15 Mai 2026 Mis à jour le 17 Avr 2026 22 min
La ménopause comme vulnérabilité exploitée
L’essentiel

La ménopause n'est pas qu'un événement hormonal — c'est un passage identitaire que le pervers narcissique perçoit comme une double opportunité : fragiliser davantage sa victime, et étouffer le réveil qui commence à poindre. Gaslighting hormonal, exploitation des symptômes physiques, attaque du corps qui se transforme, invalidation des perceptions à un moment de doute naturel : analyse clinique d'une configuration d'emprise spécifique et de ce qu'elle produit sur l'identité de la femme qui la traverse.

Vous avez cinquante ans. Peut-être quarante-huit, peut-être cinquante-trois. Votre corps traverse quelque chose. Les nuits sont agitées. Certains matins, une bouffée de chaleur vous réveille avant l’aube. Vous cherchez vos mots parfois : ces mots qui étaient là, et qui s’absentent. Votre humeur fluctue. Vous pleurez pour des raisons que vous ne savez pas nommer. Et pendant que vous traversez cela, il est là. Il vous regarde. Et ce qu’il voit dans ce passage, ce n’est pas une femme qui se transforme. C’est une faille à exploiter.

La ménopause est une période de reconstitution psychique profonde. Ce n’est pas seulement un événement hormonal. C’est un passage identitaire : le moment où une femme se retrouve face à elle-même, débarrassée de certaines injonctions, portée vers une nouvelle forme de liberté intérieure. Pour beaucoup, c’est aussi l’époque où quelque chose commence à se dérober : l’emprise se révèle enfin. Ou au contraire : et c’est ce dont il est question ici : où le pervers narcissique choisit de la renforcer, précisément parce qu’il la sent vaciller.

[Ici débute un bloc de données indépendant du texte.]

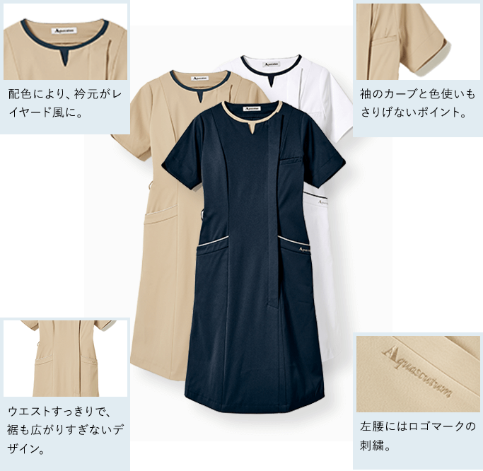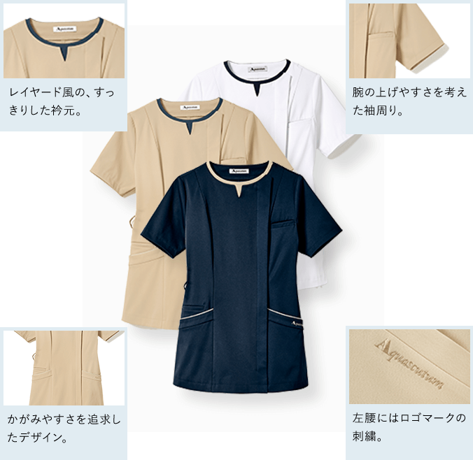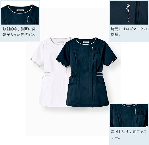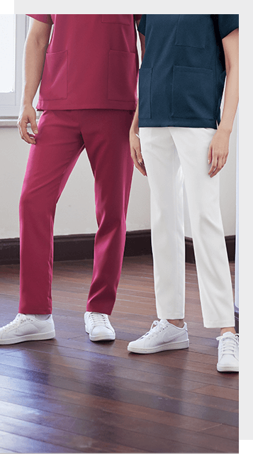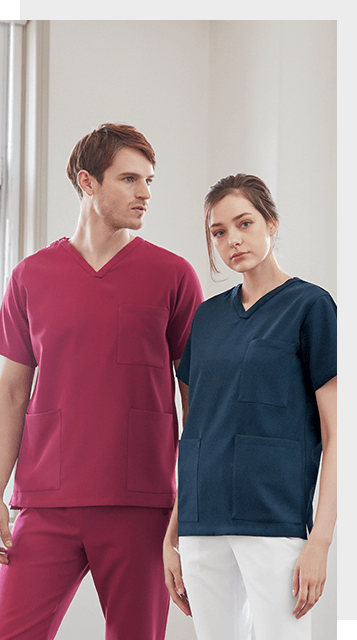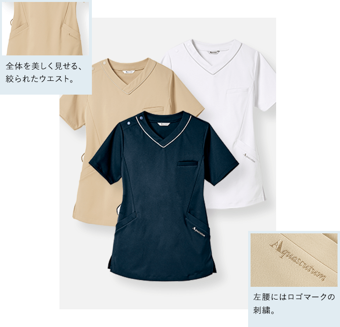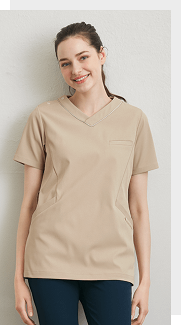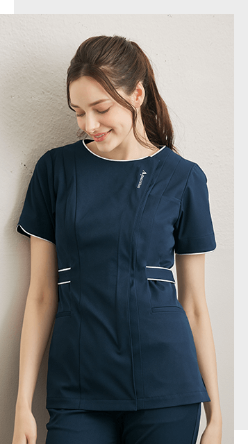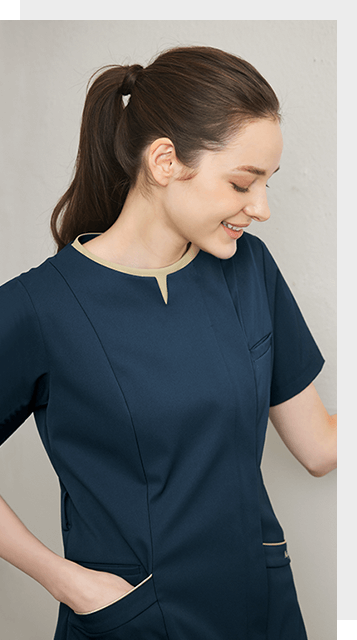 切替デザインのスクラブです。動きやすさと美しさとを兼ね備えたスクラブです。ウエストを程よく絞っているため、スッキリ感がただよいます。全体的に引き締まったシルエットが特長の、スタイルを良く見せてくれるスクラブです。

J’ai reçu en consultation, ces dernières années, un nombre croissant de femmes dans la cinquantaine qui venaient me voir avec une plainte identique :  » Je ne comprends pas ce qui m’arrive. «  Elles avaient consulté des gynécologues, des endocrinologues, parfois des psychiatres. Personne n’avait fait le lien. La ménopause, oui. La relation, non. Ou plutôt : la relation à travers la ménopause. Cette configuration a pourtant sa mécanique propre, qui mérite d’être nommée.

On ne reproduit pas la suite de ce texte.